▶ **TASK BRIEF**
Where the material below has a line containing "千佛庵大雄宝殿内,满堂木骨泥", start repeating exactly, and keep going through the line containing "Impianto elettrico. Per", with no other lines.
:::::
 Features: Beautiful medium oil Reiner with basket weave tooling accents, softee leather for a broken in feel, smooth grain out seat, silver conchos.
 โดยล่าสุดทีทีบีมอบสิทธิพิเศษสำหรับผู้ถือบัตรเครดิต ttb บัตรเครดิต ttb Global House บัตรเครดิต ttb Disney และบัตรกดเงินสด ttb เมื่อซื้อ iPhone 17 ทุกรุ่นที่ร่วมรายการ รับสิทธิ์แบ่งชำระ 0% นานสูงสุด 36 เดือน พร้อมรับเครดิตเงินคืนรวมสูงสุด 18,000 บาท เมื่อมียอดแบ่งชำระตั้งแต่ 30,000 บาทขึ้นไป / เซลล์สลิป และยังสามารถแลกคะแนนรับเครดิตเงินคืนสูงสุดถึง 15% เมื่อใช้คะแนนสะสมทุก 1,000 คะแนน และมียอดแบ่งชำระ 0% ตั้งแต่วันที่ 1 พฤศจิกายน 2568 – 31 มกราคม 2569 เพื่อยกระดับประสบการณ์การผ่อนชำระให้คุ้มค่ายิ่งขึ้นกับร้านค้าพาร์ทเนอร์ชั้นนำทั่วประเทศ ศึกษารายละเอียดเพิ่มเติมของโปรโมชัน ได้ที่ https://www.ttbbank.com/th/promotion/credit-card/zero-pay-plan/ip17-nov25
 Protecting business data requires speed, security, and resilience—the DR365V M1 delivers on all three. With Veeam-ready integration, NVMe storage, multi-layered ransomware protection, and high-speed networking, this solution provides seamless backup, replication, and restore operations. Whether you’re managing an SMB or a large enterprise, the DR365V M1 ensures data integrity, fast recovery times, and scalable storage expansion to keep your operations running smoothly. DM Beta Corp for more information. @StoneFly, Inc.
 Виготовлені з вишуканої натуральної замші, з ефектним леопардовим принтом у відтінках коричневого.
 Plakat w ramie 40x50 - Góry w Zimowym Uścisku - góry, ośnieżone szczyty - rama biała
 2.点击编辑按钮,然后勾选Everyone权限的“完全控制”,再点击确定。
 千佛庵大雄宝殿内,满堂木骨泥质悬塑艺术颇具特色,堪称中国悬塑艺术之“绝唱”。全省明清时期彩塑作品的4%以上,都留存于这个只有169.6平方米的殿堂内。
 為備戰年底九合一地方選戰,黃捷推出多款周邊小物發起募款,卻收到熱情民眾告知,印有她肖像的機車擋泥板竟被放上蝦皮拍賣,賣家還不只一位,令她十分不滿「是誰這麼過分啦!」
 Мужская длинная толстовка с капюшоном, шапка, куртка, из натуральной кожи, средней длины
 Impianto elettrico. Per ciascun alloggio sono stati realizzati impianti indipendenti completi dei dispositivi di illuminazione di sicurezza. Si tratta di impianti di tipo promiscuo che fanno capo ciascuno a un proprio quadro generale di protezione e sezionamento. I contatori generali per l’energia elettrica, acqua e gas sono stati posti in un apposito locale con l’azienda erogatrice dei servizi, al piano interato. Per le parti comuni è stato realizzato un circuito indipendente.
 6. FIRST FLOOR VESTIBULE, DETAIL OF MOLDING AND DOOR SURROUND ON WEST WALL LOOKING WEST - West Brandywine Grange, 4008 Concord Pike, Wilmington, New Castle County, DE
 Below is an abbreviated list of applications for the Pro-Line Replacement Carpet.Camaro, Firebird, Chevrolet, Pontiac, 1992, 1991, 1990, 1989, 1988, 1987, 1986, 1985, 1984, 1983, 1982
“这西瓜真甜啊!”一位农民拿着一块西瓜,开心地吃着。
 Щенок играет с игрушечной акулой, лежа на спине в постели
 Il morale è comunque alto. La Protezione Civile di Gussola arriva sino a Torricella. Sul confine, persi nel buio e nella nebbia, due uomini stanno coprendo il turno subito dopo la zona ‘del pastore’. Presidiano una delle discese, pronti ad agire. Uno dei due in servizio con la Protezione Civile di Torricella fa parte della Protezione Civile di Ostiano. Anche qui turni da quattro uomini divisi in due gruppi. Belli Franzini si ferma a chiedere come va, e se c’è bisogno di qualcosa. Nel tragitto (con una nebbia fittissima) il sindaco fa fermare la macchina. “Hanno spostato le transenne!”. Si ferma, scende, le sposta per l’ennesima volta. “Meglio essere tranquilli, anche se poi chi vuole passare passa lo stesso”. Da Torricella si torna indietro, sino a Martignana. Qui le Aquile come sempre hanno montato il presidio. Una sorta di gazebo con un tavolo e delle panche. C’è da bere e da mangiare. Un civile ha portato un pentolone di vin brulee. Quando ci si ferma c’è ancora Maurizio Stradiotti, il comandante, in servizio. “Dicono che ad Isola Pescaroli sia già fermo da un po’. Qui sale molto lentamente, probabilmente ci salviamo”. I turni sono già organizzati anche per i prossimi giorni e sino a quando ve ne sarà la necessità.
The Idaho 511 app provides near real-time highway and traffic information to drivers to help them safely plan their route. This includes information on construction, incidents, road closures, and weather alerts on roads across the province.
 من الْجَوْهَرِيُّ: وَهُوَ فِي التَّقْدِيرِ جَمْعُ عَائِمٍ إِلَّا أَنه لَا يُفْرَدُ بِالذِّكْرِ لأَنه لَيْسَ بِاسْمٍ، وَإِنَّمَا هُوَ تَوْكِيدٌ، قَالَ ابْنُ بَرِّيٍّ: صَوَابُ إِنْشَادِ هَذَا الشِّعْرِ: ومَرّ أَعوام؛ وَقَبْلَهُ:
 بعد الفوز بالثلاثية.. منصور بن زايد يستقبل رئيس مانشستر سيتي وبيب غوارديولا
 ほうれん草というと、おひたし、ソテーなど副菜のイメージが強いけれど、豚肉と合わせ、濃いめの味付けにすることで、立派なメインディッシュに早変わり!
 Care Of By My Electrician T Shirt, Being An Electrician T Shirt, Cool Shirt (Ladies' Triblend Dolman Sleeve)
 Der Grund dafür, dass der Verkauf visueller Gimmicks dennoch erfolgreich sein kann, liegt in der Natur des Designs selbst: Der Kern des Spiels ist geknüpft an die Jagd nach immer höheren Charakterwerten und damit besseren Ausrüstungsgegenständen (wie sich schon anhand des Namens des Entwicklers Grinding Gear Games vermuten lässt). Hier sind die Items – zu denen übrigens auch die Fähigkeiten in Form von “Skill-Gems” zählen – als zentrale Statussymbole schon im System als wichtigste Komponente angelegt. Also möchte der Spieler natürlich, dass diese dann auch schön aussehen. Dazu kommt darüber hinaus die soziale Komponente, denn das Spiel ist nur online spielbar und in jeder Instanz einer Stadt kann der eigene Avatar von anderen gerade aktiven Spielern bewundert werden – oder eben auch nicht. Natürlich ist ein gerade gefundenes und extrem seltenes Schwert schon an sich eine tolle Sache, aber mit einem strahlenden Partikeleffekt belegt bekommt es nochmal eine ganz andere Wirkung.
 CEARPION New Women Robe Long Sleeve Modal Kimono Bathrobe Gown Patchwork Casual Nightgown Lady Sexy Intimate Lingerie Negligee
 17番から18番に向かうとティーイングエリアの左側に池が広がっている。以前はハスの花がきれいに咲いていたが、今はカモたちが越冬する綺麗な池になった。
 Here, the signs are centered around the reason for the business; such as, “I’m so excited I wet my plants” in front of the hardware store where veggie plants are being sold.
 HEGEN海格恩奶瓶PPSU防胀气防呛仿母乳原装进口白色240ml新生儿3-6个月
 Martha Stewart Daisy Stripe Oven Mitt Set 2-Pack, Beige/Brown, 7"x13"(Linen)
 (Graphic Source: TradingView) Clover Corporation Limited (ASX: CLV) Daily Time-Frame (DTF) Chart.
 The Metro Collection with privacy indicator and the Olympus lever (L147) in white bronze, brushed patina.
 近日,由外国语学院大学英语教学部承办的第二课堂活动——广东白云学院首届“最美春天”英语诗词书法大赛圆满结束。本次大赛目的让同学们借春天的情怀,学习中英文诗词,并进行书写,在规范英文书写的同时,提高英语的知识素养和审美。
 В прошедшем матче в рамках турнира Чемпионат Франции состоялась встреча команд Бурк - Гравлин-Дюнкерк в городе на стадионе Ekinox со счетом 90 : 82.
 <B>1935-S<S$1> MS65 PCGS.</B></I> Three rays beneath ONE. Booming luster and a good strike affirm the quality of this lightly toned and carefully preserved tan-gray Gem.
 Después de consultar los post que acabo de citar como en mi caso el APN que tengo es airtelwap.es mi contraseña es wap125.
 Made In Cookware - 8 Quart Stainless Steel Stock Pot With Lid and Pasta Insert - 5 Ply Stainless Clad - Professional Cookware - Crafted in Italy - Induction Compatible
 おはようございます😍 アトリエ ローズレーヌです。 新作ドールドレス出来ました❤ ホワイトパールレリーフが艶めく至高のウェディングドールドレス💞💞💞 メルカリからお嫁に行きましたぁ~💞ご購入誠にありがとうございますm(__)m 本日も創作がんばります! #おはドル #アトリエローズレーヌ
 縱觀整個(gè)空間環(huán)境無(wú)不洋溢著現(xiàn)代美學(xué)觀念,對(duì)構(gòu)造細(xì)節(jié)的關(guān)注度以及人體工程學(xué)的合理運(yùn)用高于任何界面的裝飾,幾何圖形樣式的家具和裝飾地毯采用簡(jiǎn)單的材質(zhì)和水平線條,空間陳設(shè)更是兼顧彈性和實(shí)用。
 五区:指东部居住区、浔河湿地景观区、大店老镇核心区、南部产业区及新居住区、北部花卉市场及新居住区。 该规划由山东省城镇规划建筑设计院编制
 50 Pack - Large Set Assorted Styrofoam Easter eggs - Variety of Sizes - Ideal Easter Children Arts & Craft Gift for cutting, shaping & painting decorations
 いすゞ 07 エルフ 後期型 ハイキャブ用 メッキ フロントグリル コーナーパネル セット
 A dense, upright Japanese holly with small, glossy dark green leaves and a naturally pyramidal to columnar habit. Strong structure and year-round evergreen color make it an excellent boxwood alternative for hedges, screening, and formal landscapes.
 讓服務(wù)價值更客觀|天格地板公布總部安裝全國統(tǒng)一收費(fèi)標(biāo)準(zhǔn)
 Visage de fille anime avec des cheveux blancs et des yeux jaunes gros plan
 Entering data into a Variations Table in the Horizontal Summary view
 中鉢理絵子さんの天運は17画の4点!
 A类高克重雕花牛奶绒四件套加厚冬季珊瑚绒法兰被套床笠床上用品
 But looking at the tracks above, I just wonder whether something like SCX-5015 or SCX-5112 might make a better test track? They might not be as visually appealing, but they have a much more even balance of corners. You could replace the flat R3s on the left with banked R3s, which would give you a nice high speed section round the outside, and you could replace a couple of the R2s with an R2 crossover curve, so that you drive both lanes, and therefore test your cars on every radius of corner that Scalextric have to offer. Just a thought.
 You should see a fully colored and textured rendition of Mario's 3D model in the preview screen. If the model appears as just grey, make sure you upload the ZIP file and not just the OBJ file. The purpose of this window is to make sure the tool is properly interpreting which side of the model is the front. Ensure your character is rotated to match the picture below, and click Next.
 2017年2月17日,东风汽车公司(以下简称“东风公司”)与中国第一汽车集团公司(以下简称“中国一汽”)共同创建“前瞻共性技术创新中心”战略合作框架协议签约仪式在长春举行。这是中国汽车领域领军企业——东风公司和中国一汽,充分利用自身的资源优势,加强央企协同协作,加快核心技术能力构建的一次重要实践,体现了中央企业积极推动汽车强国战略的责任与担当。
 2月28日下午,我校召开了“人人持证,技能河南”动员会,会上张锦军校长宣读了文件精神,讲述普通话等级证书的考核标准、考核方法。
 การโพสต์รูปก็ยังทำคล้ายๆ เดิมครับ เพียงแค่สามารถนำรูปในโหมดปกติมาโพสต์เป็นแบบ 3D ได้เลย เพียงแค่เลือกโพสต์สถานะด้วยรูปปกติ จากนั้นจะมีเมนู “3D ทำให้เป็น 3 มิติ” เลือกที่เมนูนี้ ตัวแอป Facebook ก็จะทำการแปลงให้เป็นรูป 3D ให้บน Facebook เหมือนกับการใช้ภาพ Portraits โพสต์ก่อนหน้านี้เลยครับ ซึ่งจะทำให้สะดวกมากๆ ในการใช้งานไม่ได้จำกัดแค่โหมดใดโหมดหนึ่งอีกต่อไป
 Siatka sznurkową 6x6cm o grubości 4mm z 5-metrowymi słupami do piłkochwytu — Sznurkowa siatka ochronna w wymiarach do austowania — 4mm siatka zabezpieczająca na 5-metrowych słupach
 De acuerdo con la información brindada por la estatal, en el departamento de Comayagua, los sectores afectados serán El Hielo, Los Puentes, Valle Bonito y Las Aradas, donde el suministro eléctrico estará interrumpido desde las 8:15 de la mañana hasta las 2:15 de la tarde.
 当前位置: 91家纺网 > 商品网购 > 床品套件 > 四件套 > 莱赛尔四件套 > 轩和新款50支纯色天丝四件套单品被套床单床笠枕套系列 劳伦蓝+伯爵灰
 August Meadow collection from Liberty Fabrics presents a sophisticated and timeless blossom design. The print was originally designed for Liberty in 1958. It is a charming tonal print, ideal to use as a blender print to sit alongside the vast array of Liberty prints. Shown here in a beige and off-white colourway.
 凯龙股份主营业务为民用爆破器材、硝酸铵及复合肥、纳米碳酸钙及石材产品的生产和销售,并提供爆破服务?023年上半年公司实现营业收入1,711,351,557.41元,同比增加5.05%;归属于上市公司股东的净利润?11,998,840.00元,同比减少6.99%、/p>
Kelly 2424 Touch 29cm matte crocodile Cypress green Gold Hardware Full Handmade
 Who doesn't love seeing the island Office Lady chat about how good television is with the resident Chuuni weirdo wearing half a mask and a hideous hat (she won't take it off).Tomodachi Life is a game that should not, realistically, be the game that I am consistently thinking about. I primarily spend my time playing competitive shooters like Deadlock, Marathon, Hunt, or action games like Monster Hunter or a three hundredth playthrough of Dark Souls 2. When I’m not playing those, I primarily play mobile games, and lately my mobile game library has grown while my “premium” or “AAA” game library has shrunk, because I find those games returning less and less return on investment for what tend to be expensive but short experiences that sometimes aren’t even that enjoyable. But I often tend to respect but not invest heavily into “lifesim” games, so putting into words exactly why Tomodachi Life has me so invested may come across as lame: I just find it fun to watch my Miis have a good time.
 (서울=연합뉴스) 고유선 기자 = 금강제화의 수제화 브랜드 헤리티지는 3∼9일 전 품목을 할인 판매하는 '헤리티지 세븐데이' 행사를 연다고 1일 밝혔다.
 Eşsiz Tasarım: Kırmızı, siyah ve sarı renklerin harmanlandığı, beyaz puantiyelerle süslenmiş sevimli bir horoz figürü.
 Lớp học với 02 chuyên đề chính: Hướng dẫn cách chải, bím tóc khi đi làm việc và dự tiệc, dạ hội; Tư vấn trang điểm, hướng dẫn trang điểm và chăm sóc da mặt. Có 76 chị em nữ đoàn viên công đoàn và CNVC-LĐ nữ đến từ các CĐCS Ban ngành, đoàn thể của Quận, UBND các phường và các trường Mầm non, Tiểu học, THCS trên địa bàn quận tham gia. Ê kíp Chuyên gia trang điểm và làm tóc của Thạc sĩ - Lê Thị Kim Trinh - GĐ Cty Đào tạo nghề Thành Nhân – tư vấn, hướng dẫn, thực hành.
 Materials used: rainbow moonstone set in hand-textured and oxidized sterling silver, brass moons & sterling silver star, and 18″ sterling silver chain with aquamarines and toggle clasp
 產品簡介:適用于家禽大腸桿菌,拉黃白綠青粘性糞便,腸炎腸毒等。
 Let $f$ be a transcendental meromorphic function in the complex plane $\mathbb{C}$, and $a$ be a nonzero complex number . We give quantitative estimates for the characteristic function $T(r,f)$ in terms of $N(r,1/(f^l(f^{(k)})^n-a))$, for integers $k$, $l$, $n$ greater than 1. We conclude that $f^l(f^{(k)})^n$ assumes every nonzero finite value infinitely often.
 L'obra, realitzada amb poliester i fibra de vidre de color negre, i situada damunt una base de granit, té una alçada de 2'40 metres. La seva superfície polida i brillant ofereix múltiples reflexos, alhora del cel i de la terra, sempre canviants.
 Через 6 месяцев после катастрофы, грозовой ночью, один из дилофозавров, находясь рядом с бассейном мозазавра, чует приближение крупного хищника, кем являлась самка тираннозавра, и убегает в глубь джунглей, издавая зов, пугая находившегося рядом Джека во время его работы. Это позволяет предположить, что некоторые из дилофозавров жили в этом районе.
:::::
▶ **RESULT OF THE EXERCISE**
 千佛庵大雄宝殿内,满堂木骨泥质悬塑艺术颇具特色,堪称中国悬塑艺术之“绝唱”。全省明清时期彩塑作品的4%以上,都留存于这个只有169.6平方米的殿堂内。
 為備戰年底九合一地方選戰,黃捷推出多款周邊小物發起募款,卻收到熱情民眾告知,印有她肖像的機車擋泥板竟被放上蝦皮拍賣,賣家還不只一位,令她十分不滿「是誰這麼過分啦!」
 Мужская длинная толстовка с капюшоном, шапка, куртка, из натуральной кожи, средней длины
 Impianto elettrico. Per ciascun alloggio sono stati realizzati impianti indipendenti completi dei dispositivi di illuminazione di sicurezza. Si tratta di impianti di tipo promiscuo che fanno capo ciascuno a un proprio quadro generale di protezione e sezionamento. I contatori generali per l’energia elettrica, acqua e gas sono stati posti in un apposito locale con l’azienda erogatrice dei servizi, al piano interato. Per le parti comuni è stato realizzato un circuito indipendente.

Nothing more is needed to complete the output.